Security Engineer (Part-time)

As a Security Engineer, I conducted extensive fuzz testing on a variety of open-source libraries, parsers, and programs using AFLPlusPlus, an advanced fuzzing tool that intelligently generates test inputs to uncover vulnerabilities. To ensure isolation and reproducibility, each library was fuzzed within its own dedicated Docker container environment, configured with different sanitizers to detect memory errors and undefined behaviors.

In parallel, I delved into the inner workings of QEMU, a versatile emulator capable of running code for different architectures on various platforms. I studied the various components of QEMU’s emulation framework to understand how it could be leveraged for fuzzing purposes. Specifically, I explored emulation-based fuzzing, a technique that uses emulation to execute the code in a controlled environment, making it easier to identify vulnerabilities that might be difficult to trigger in a real-world scenario.

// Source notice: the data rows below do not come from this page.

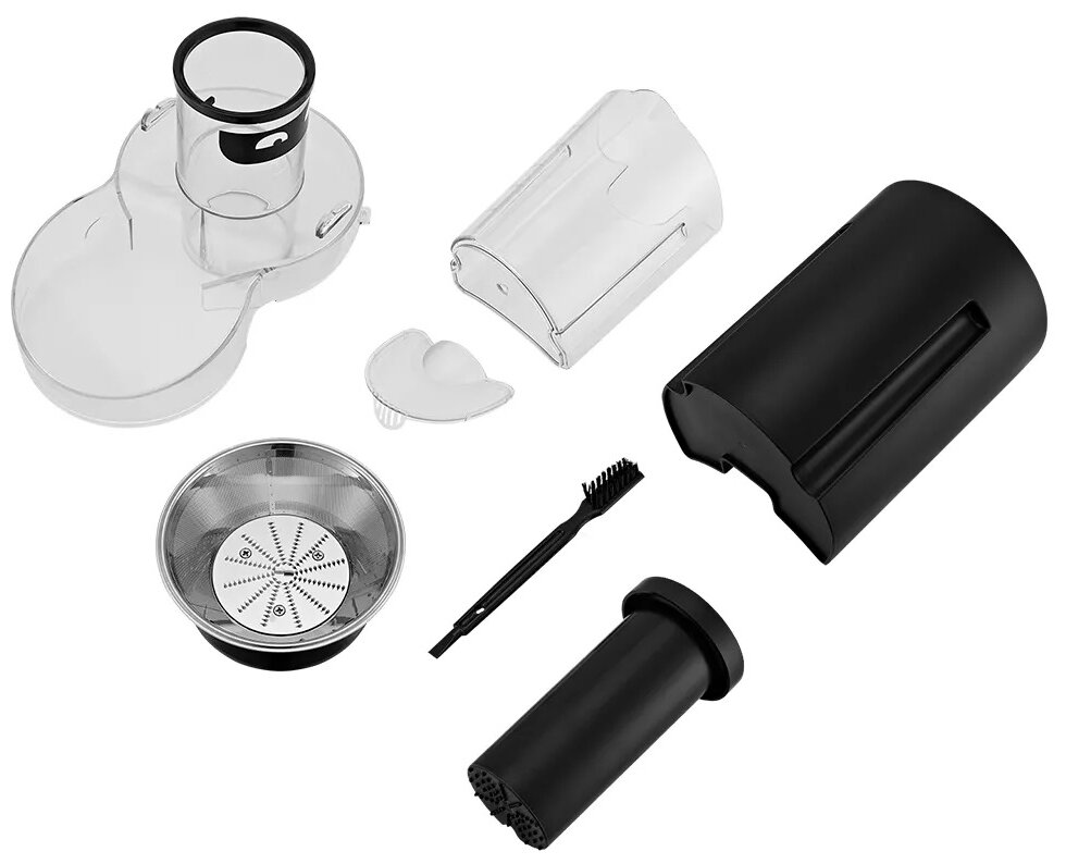 | Подробная комплектация | соковыжималка - 1 шт.; чаша - 1 шт.; фильтр - 1 шт.; крышка - 1 шт.; толкатель - 1 шт.; контейнер для жмыха - 1 шт.; контейнер для сока с крышкой - 1 шт.; крышка для патрубка для выхода сока - 1 шт.; щеточка для чистки - 1 шт.; руководство по эксплуатации - 1 шт.; коллекционный магнит - 1 шт.(опционально) |
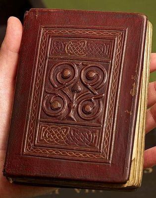 This is Cuthbert’s Gospel, the book that was buried at Lindisarne with St Cuthbert sometime after his death in 687. It is the earliest bound British—or even European—book to survive intact. It’s tiny, a pocket Gospel, written in Latin on vellum. It’s simple—no illumination, just elaborated initial letters, some with a bit of red—and beautiful.
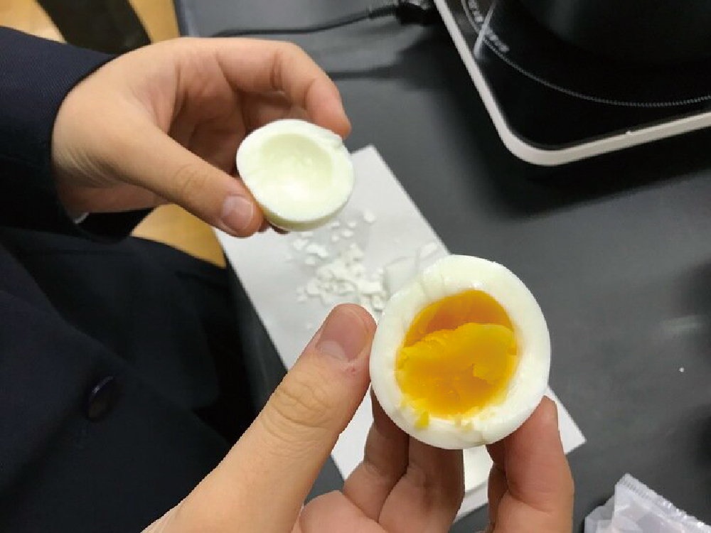 卵を茹でる湯温の変化から黄身の半熟度合いをAIで予測する実験です。
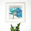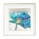 CUADRO ENMARCADO CON FLOR AZUL/MORADO/BLANCO Y DETALLES DORADOS 80X80CM

To expand my skillset of vulnerability discovery, I experimented with various symbolic and taint analysis tools. Symbolic execution tools like Angr analyze program behavior by systematically exploring different execution paths, while taint analysis tools like Kirenenko and Triton track the flow of data through a program to identify potential vulnerabilities. By working with these tools, I gained valuable insights into the strengths and weaknesses of different approaches to binary analysis and vulnerability discovery.

Security Engineer (Internship)

During my internship, I developed and optimized an automated tool to assess software vulnerabilities by generating proof-of-concept (PoC) exploits. This tool streamlines the process of validating a vulnerability by crafting and executing tailored code that demonstrates the exploitability of the flaw, providing tangible evidence for remediation.

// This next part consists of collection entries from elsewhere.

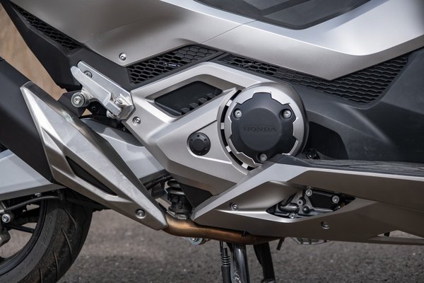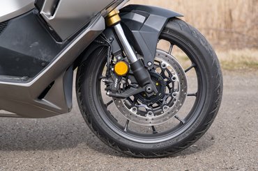 Bár a Forza 750 és a TMAX 560 építési elve azonos, tehát kéthengeresek, a blokk teherviselő elem, rendes futómű és fék van alattuk, a megoldásaik teljesen eltérőek. A Yamaha pörgős karakterű blokkot épített, a rugóstagot fektetve rakták be, a váltó egy fokozatmentes CVT, a hajtás pedig egy fogazott szíjjal jut el a hátsó kerékhez. A Honda ezzel szemben egy nyugodtabb, sokkal nagyobb, elékelt járású, nyomatékra hangolt kéthengeressel állt elő, amelyhez egy duplakuplungos automata tartozik, és a szekunder hajtást lánccal oldották meg. Szíjhajtást egy szebb megoldásnak tartom, csendesebb, gondozásmentes, tisztább, nem fröcsköli össze láncsprével a felnit, nem kell pucolni, kenegetni. A Forza tulajdonosoknak azt tanácsolom, szereljenek fel egy láncolajozót, hamar visszahozza az árát, és rengeteg macerát megspórol.
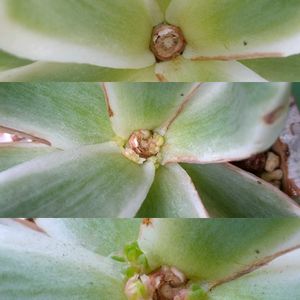 ①📸2025/04/24 エルイエロ錦開花しました🌼 満開になったので花のところを今日切りました✄脇芽が沢山ですが枯れるかな🤔 一緒の鉢に挿していたチョコチップと小人の花束も開花したので処分しました🐸 ②📸2025/04/24 スリラーパールもひっそりと開花しました🐸こちらも花芽を今日カットしました。 ③📸2025/04/25 シムランス小さいのに開花しました🐸可愛いお花🏵️こちらもカットしました🐸 ④📸2025/04/27 ㊤根っこがいつもカラカラでシワシワのままだった翡翠玉、先週からメネデール水に浸けていました。 メネデール水に浸けた翌日新しい根が早速出てきてもっと早くにやってあげれば良かったと思いました🙏💦ずっと切らしていたので翡翠玉のために買いました😉 ㊦ずっと水耕栽培ってわけにはいかないので元の場所に植えました。パゲアエが大きくなって可愛いです✨️💋✨️(真ん中パゲアエ、まわりは翡翠玉)
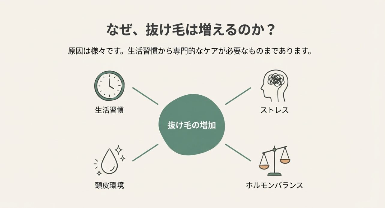 抜け毛が増える原因はひとつじゃなく、重なって起きることが多いです。 たとえば、睡眠不足とストレスで自律神経が乱れ、食事が偏って鉄分やたんぱく質が不足し、さらに頭皮が乾燥や皮脂過多で荒れる…みたいに、連鎖します。 だからこそ、「これだけやれば絶対OK」みたいな単発の解決策より、原因をほどいて優先順位をつけるのが近道なんですよ。
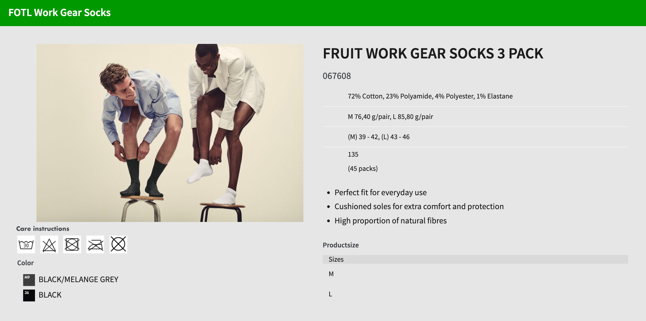 Material: 72 % Baumwolle, 23 % Polyamid, 4 % Polyester, 1 % Elastan; Gewicht: M 76,40g/Paar, L 85,80g/Paar; Zertifikate: STANDARD 100 by OEKO-TEX®; WRAP
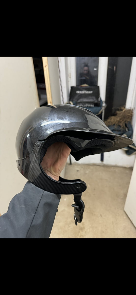 bombe naca modèle gravity xp avec jugulaire en carbone. vendue avec la visière et la housse ainsi que la boîte si vous le souhaitez.
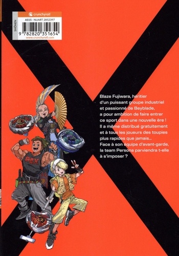 Blaze Fujiwara, héritier d'un puissant groupe industriel et passionné de Beyblade, a pour ambition de faire entrer ce sport dans une nouvelle ère ! Il a même distribué gratuitement et à tous les joueurs des toupies plus rapides que jamais... Face à son équipe d'avant-garde, la team Persona parviendra-t-elle à s'imposer ?
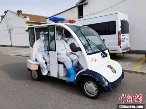 圖為為封控區(qū)人員運(yùn)送物資。 二連浩特市公安局供圖
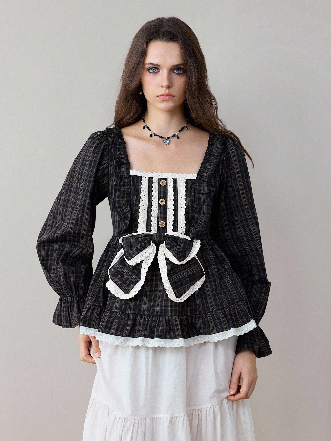 ROMWE Avant Women's Mori Kei Vintage Cottagecore Mori Style Plaid Fabric Square Collar Lace Patchwork Bow Puff Sleeve Doll Dress Long Sleeve Blouse
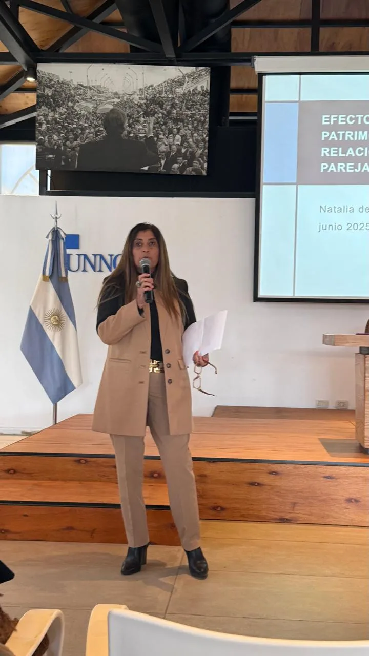 La jornada abordó la temática “Conflictos contemporáneos en materia de alimentos y efectos patrimoniales de las relaciones de pareja”, y estuvo a cargo de dos reconocidos especialistas en derecho de familia: la Dra. Natalia de La Torre y el Dr. Federico Notrica, quienes ofrecieron un análisis profundo sobre los desafíos actuales que enfrentan los operadores del derecho frente a nuevas configuraciones familiares, desigualdades económicas persistentes y los efectos de la reforma del Código Civil y Comercial.

Conducted firmware analysis of embedded and IoT devices to uncover potential security weaknesses. This process involved leveraging a suite of tools, including Binwalk for extracting firmware images, Firmwalker for identifying file systems and file types within firmware, and Ghidra for disassembling and analyzing the binary code of firmware components.

Utilized various emulation frameworks such as ARM-X, Qiling, and QEMU to partially emulate the firmware of IoT devices in a controlled environment. This enabled dynamic analysis of the firmware’s behavior, facilitating the identification of vulnerabilities and potential attack vectors without the need for physical access to the device itself.